* [Task statement]
What follows is a listing; repeat exactly, and only, its lines from the one holding "9月份居民消费价格同比上涨3%,涨幅较上月提高0.2个百分点。" through the last, leaving any pictures out.

* [Data excerpt]
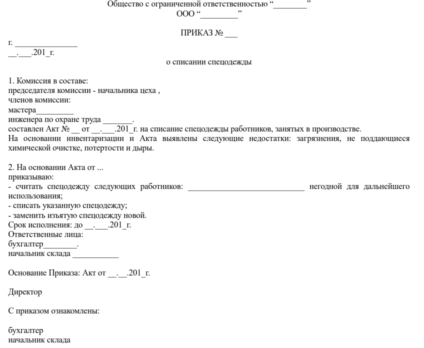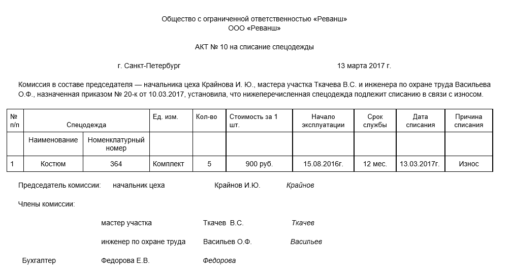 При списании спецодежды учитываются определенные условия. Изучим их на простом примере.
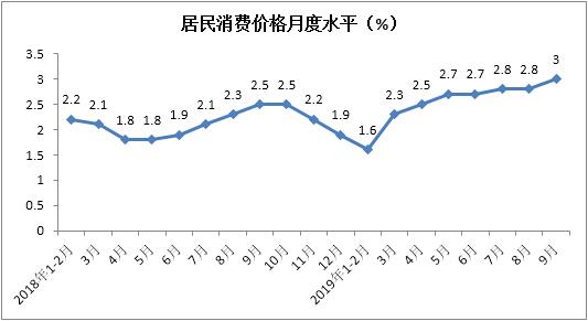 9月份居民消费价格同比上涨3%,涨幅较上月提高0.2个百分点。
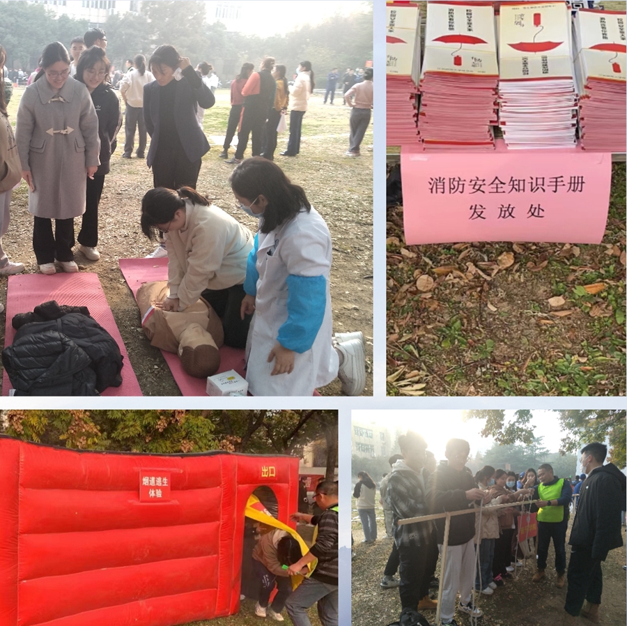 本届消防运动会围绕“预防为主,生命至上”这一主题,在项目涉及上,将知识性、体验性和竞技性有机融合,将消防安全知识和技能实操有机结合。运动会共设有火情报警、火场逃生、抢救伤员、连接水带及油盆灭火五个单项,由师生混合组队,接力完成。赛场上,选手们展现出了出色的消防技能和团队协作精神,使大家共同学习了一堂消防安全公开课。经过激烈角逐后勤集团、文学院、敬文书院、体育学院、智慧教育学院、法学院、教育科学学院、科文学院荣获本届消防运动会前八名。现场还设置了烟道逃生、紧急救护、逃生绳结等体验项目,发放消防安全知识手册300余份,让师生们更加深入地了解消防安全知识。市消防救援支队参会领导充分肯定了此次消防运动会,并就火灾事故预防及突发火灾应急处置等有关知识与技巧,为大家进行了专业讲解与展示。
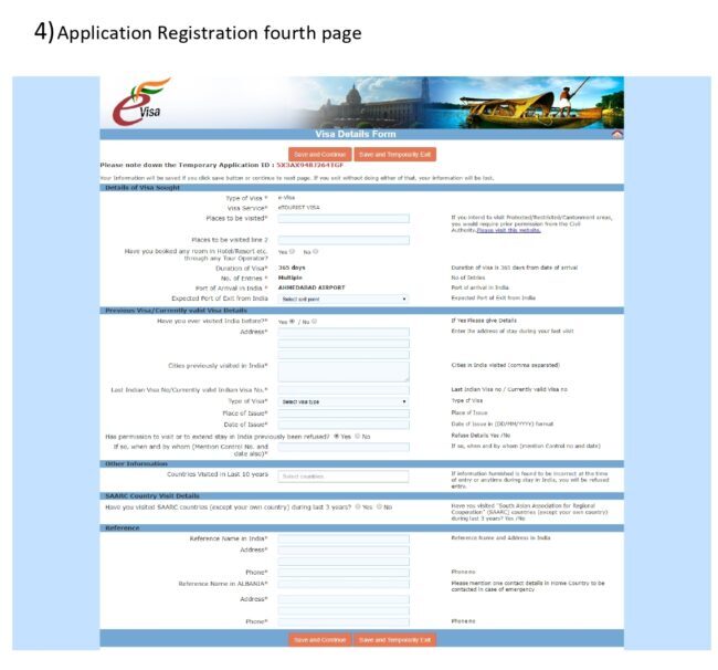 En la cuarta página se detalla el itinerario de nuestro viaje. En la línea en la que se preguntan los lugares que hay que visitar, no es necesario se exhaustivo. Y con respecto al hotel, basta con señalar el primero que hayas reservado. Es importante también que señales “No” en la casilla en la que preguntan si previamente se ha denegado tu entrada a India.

* [Response area]
 9月份居民消费价格同比上涨3%,涨幅较上月提高0.2个百分点。
 本届消防运动会围绕“预防为主,生命至上”这一主题,在项目涉及上,将知识性、体验性和竞技性有机融合,将消防安全知识和技能实操有机结合。运动会共设有火情报警、火场逃生、抢救伤员、连接水带及油盆灭火五个单项,由师生混合组队,接力完成。赛场上,选手们展现出了出色的消防技能和团队协作精神,使大家共同学习了一堂消防安全公开课。经过激烈角逐后勤集团、文学院、敬文书院、体育学院、智慧教育学院、法学院、教育科学学院、科文学院荣获本届消防运动会前八名。现场还设置了烟道逃生、紧急救护、逃生绳结等体验项目,发放消防安全知识手册300余份,让师生们更加深入地了解消防安全知识。市消防救援支队参会领导充分肯定了此次消防运动会,并就火灾事故预防及突发火灾应急处置等有关知识与技巧,为大家进行了专业讲解与展示。
 En la cuarta página se detalla el itinerario de nuestro viaje. En la línea en la que se preguntan los lugares que hay que visitar, no es necesario se exhaustivo. Y con respecto al hotel, basta con señalar el primero que hayas reservado. Es importante también que señales “No” en la casilla en la que preguntan si previamente se ha denegado tu entrada a India.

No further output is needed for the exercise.